You're very welcome! Comments in the code make finding bugs easier
Fortunately, the Math::BigInt module is fairly commented (but, as
always, I wish there were more comments).

>
> T/TE/TELS/math/Math-BigInt-1.70.tar.gz
>
> I installed it and the bug is still there.

Oh, sorry... I forgot to mention that the version I used that
didn't have the bug was a very old version. Let me check real
quick... the old version (without the bug) is \$VERSION='0.01' (that's
quite an old version) whereas the more recent version (the one with
the bug) is \$VERSION='1.60'.

The old version's Math::BigInt objects were simply references to
scalar strings, but the newer versions of Math::BigInt have objects
that are references to hashes, with "value" and "sign" as attributes.
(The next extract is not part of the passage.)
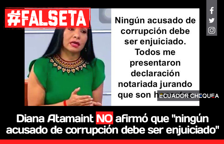 Lo atribuido a la funcionario nunca fue pronunciado por la misma. En el espacio Atamaint puntualizó que «si alguien le mintió al notario porque llevo originales para que sean certificadas eso debe trasladarse a Fiscalía porque perjurio es un delito, y eso no le corresponde a la autoridad electoral». El post engañoso utilizó una fotografía que utilizó el medio que transmitió la entrevista.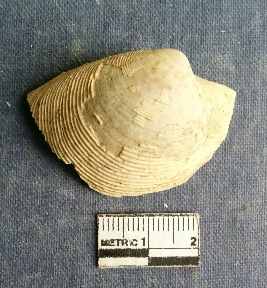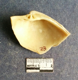 | Description / विवरण | The shell piece is pale white in color. It has surface striations on account of its natural formation. The piece has cut edges with angular points and some surface aberration. The piece is a by product of shell object making process. |

I've been tinkering around a bit more with the Math::BigInt and
Math::BigFloat modules, and I discovered more things related to the
bug:

Here's another quick fix: Use a text editor to comment out the:

'-=' => sub { \$_[0]->bsub(\$_[1]); },
'/=' => sub { scalar \$_[0]->bdiv(\$_[1]); },

lines in the "use overload" pragma in the Math/BigInt.pm module. This
will prevent the '-=' and '/=' operators from being overloaded.
Instead they will be autogenerated from the '-' and the '/' operators.
Perl is smart enough to do this correctly, avoiding the bug found in
Math::BigInt::bsub().

In fact, the old version of Math::BigInt didn't overload any
assignment mutators (like '+=', '-=', '*=', '/=', etc.) because Perl
automagically autogenerated them.

(I originally found this confusing, even after reading "perldoc
overload". Therefore, two weeks ago I decided to study this a bit. I
posted a write-up of my findings on comp.lang.perl.misc on June 26,
2004 with the subject "Regarding copy constructors and mutators". I
expected to get some replies correcting me, suggesting advice, or
maybe even an occasional flame, but nobody replied. Maybe nobody
replied because there weren't any errors, or maybe because nobody
bothered to read it... Either way, studying this helped me find the

Anyway, removing (or commenting out) the '-=' and '/=' lines in the
"use overload" pragma of Math::BigInt will fix the problem in both
Math::BigInt and in Math::BigFloat (due to the fact that
Math::BigFloat inherits from Math::BigInt, as Anno said). This is
just a temporary fix, of course, since a comment near the top of the
BigInt.pm module explains that the assignment mutators are overloaded
as shortcuts for speed. In other words, they don't have to be
overloaded, but they are for efficiency. Unfortunately, this allowed
for the bug you found, Peter. The optimal fix would be to fix the bug
inside Math::BigInt::bsub() (and the one probably in
Math::BigInt::bdiv()).

I don't know if this reply explained anything more clearly or just
made things more confusing, but I'm posting it nevertheless.

Happy Perling,

-- Jean-Luc Romano